Il programma APE – Appennino Parco d’Europa – si colloca perfettamente in questa cornice: l’obiettivo è infatti quello di rilanciare, in una logica di sistema, il rapporto Stato-Regioni, nel tentativo di rimediare alle carenze imputabili sia alle Regioni che allo stesso Ministero dell’Ambiente. Ed è appunto in questa logica di sistema che si pone il progetto che riguarda l’Appennino, dalla fascia ligure fino all’Aspromonte e, quindi, fino alla Calabria. Seguendo questa stessa logica, occorrerebbe poi affrontare anche il discorso delle isole, con tutte le specificità che ciò comporta, nonché quello relativo al sistema alpino, sul quale esiste già una Convenzione che il Parlamento sta per ratificare.
Ovviamente APE interessa il settore del turismo, che è il settore portante dello sviluppo sostenibile, anche per le ricadute occupazionali che esso comporta: una delle variabili più importanti dello sviluppo sostenibile, infatti, è che in queste aree marginali per lo sviluppo si basa su interventi che, nel linguaggio economico, vengono definiti come labour intensive, cioè ad alta intensità di lavoro. Tanto per fare un esempio, ogni intervento effettuato nel sistema delle aree protette costa, in media, tra gli ottanta ed i cento milioni per addetto, per un lavoro verde stabile e duraturo, mentre nel caso dell’intervento realizzato a Melfi con l’obiettivo di creare uno dei più poli industriali del Mezzogiorno, il costo si aggira intorno al miliardo per addetto.

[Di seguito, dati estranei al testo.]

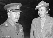 All this time, he remained active in the part-time Militia, commanding the 19th Infantry Battalion from 1921 to 1925.[36] He became commander of the 36th Infantry Battalion on 1 August 1926.[37] He was promoted to colonel in 1933, and was appointed to command the 14th Infantry Brigade on 1 January 1933. When he moved to Melbourne in 1934, he transferred to command of the 15th Infantry Brigade, then part of the 3rd Division under Major General Sir Thomas Blamey. On returning to Sydney in 1937 he assumed command of the 5th Infantry Brigade. During a visit to England in 1937 as part of his duties with the Orient Line, he had occasion to observe the British Army on manoeuvres in East Anglia, and was impressed by the pace of modern mechanised forces. He also realised that the Australian Army was lagging a long way behind in both human and technical resources. He was promoted to brigadier in 1938.[38] Known for his right-wing views even before the war, he was also a member of the clandestine far-right wing paramilitary organisation the New Guard.[39]
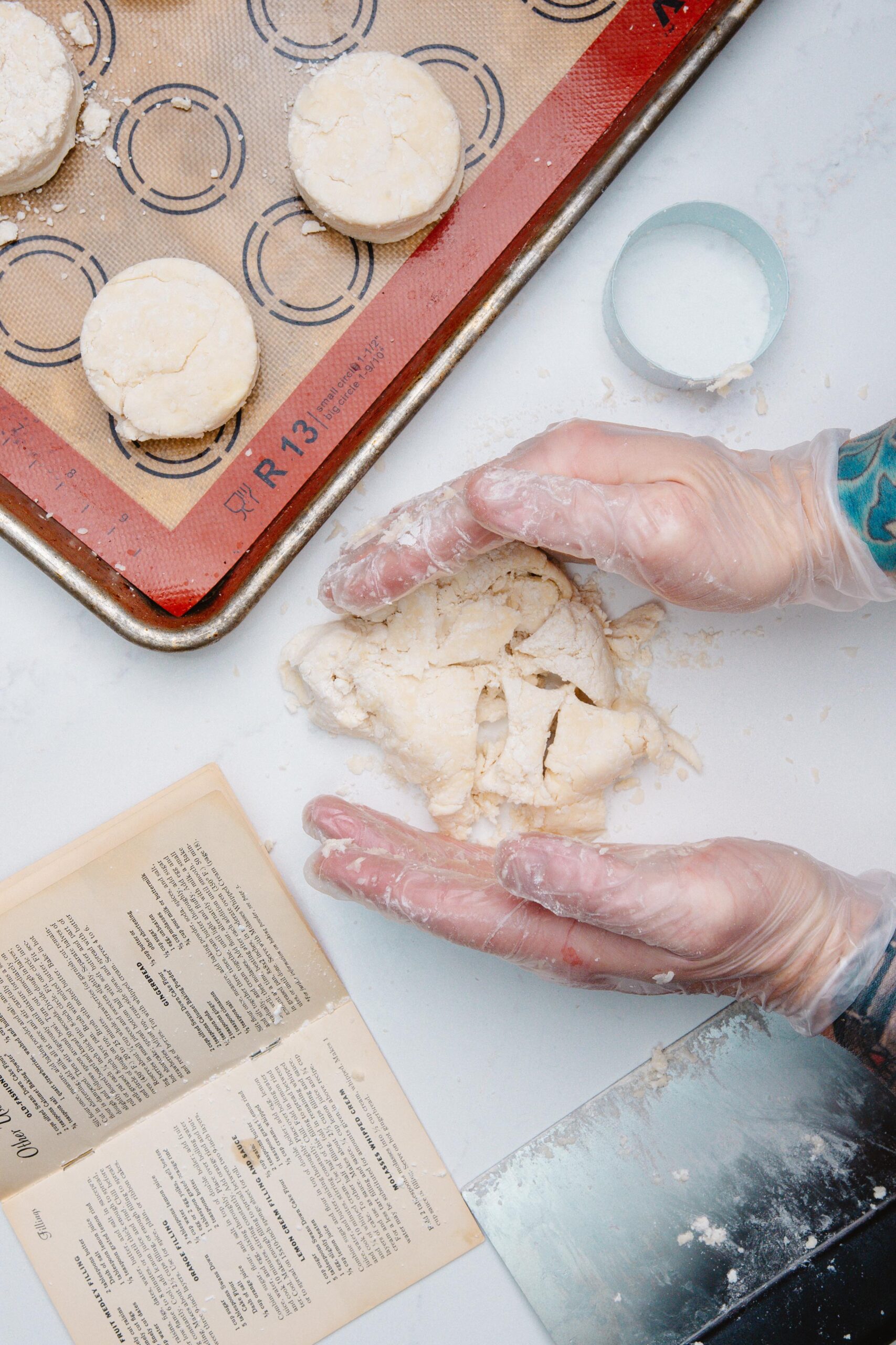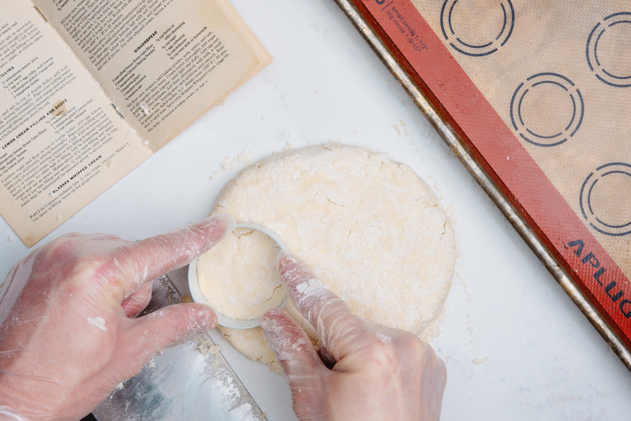 Gently press your dough down to form a thick “Coin” that is about an inch or two tall, then with either a circular cutter or a knife, cut the dough and place on a baking tray.
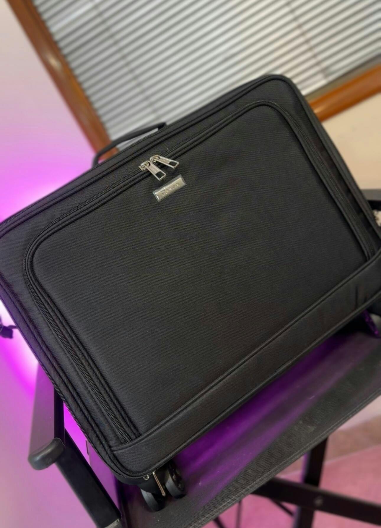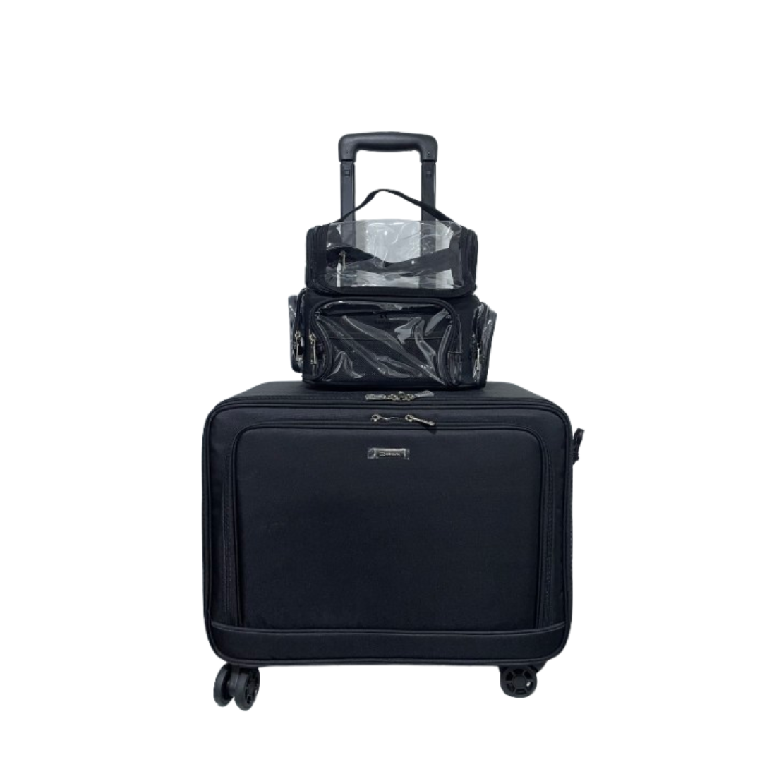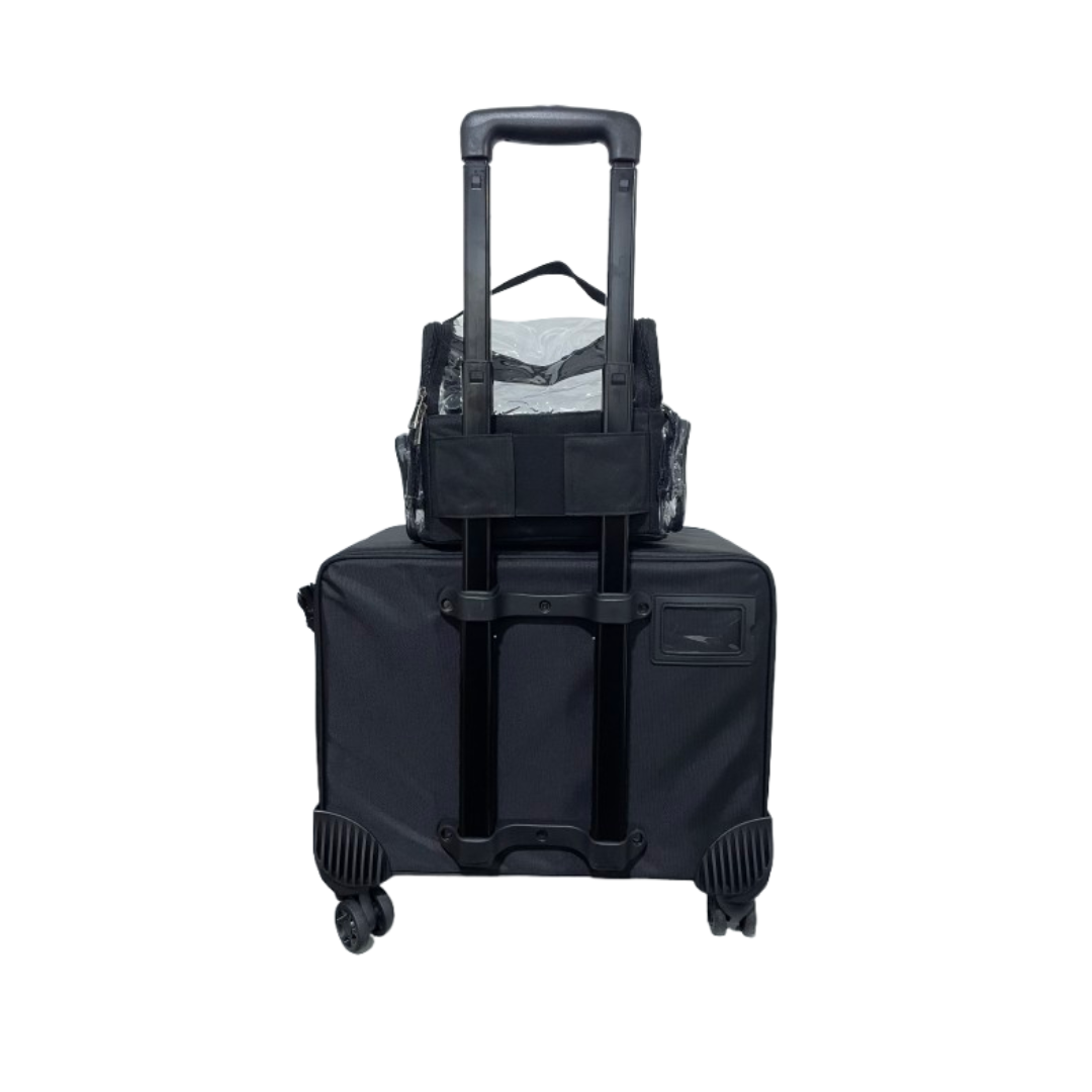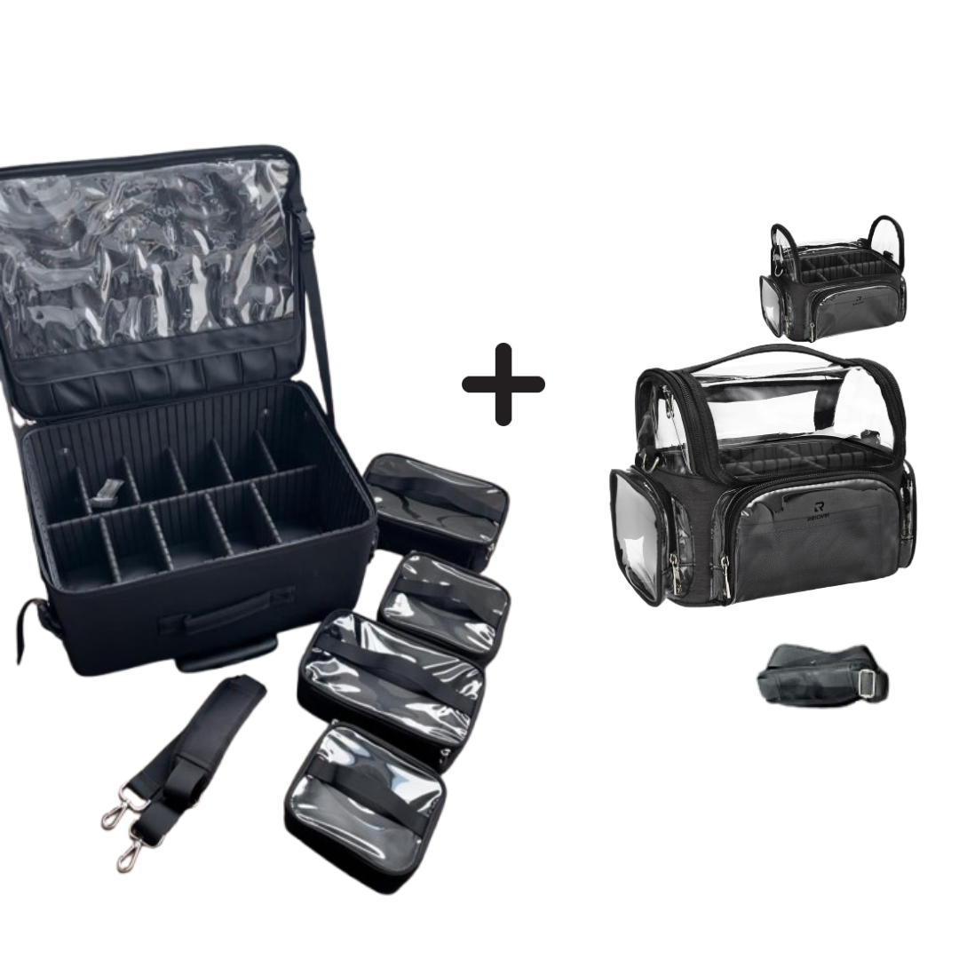 Parte Inferior: Maleta de doble compartimiento con ruedas giro 360 grados de la marca Relavel. Elaborado en lona oxford de alta calidad para mayor duración y resistencia. Facil de limpiar. El primer compartimiento cuenta con bolsillo térmico para guardar herramientas calientes o frías. El segundo compartimiento cuenta con 2 estuches pequeños y 2 estuches grandes, un brochero amplio y separadores regulables. Cuenta con correa.

Tornando al sistema degli ambienti fragili, occorre partire dalla constatazione che il turismo svolge ancora oggi un ruolo di nicchia,nell’ambito di tutto il sistema nazionale delle aeree protette. In effetti, a parte l’eccezionale esperienza di due grandi parchi storici – il Parco Nazionale d’Abruzzo e il Parco Nazionale del Gran Paradiso, in ciascuno dei quali la media dei visitatori sfiora i due milioni di presenza l’anno – gli altri parchi sono tali ancora solo sulla carta: la loro pianta organica, nell’attesa di bandire i vari concorsi, è costituita da personale preso in prestito dalle Comunità montane o dai Comuni.

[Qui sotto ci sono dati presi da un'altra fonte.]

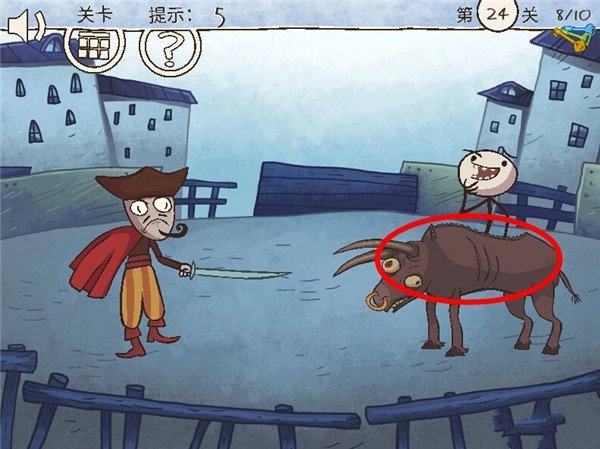 24、第二十四关:点击牛背,会发现牛是由小人假扮的,这样就能顺利过关了。
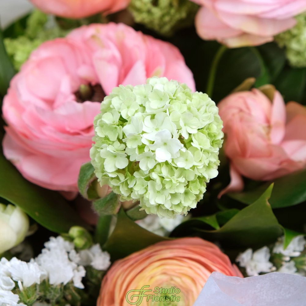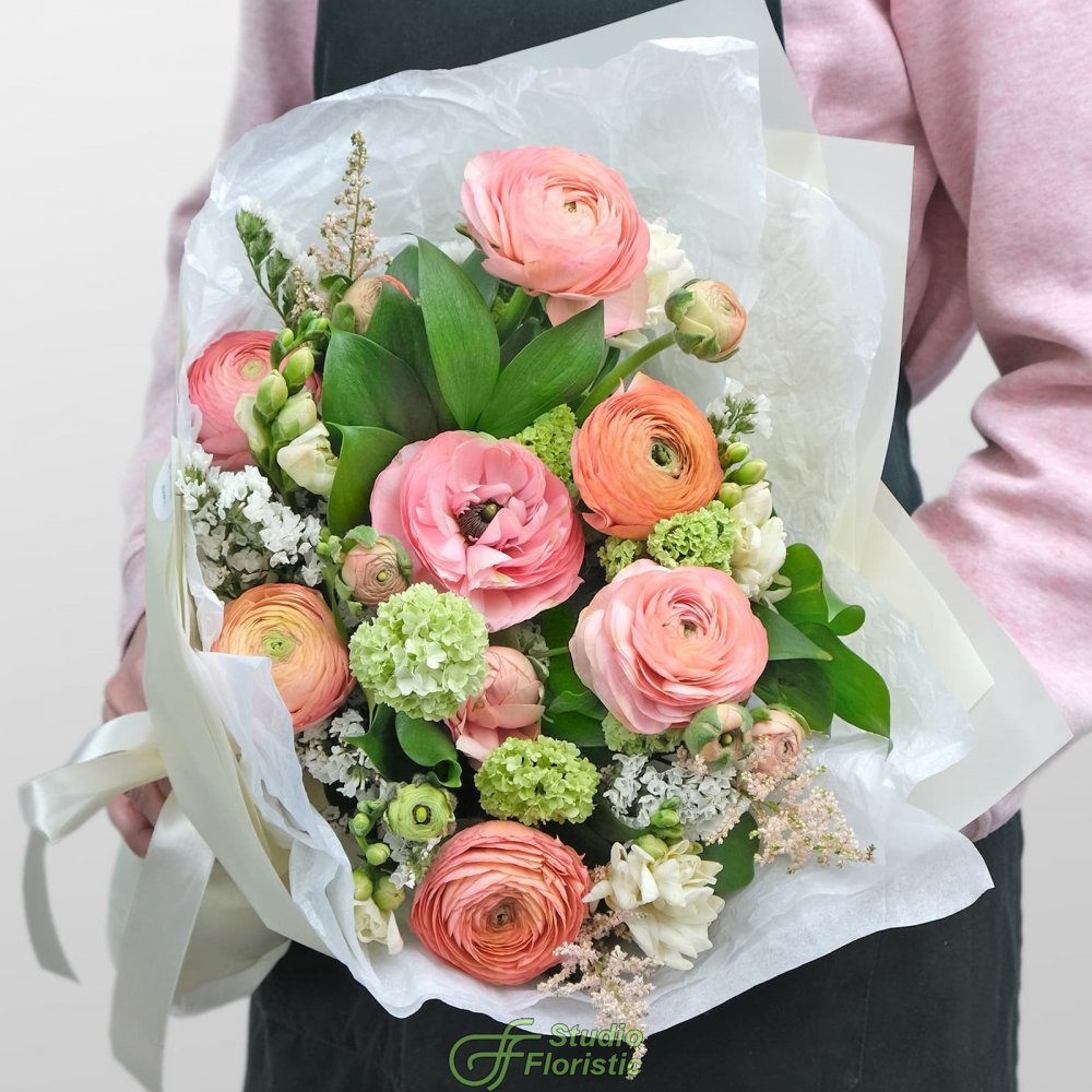 Ранункулюс (7шт.); Вибурнум (3шт.); Фрезия (5шт.); Статица (2шт.); Астильба (3шт.); Писташ; Рускус; Тишью; Упаковка; Лента | 5449 | |
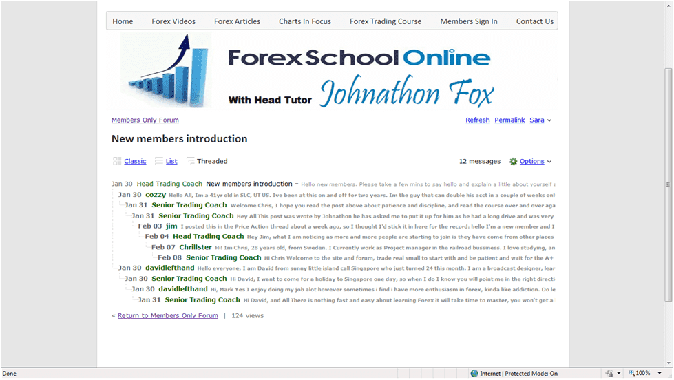 Forex School Online was created by an Australian-based Forex trader named Johnathon Fox, who continues to manage the website and respond to traders’ questions and forum posts in the members-only Forex forum. Mr. Fox writes with a direct, conversational tone which is more inviting than many of the Forex courses we’ve tested that seem to be overly complex in their efforts towards professionalism. Traders can browse through dozens of articles to get an overview of the price action trading system and to gain a full understanding of what to expect in the Forex School Online course.

E i problemi, anche in termini di supporto alla progettazione e alla vigilanza, aumentano via via che si scende di latitudine, passando dalla Lombardia alla Campania, fino a raggiungere la Calabria perché, mentre molti parchi del centro nord sono già avviati, i parchi del Sud vivono ancora una situazione di debolezza intrinseca, anche se,nel sistema nazionale delle aeree protette, il Mezzogiorno è quello che esercita il maggior peso, sia per numero di parchi che per estensione territoriale.
Sotto questo profilo, inoltre, occorre anche considerare il ruolo esercitato dalla forte antropizzazione, tipicamente italiana, che insiste all’interno dei nostri parchi. Ebbene, pur potendosi rilevare un punto di forza in termini di valorizzazione del territorio, questa stessa caratteristica continua, ancora oggi, ad essere considerata soprattutto per le sue valenze negative. In effetti, se si pensa che solo il parco del Cilento si contano circa 87 Comuni, ci si rende conto delle difficoltà che si incontrano quando si tenti di attuare, in aree come queste,gli interventi previsti dalla Legge Quadro sulle aree protette, quali il piano del parco e il piano di sviluppo socio-economico.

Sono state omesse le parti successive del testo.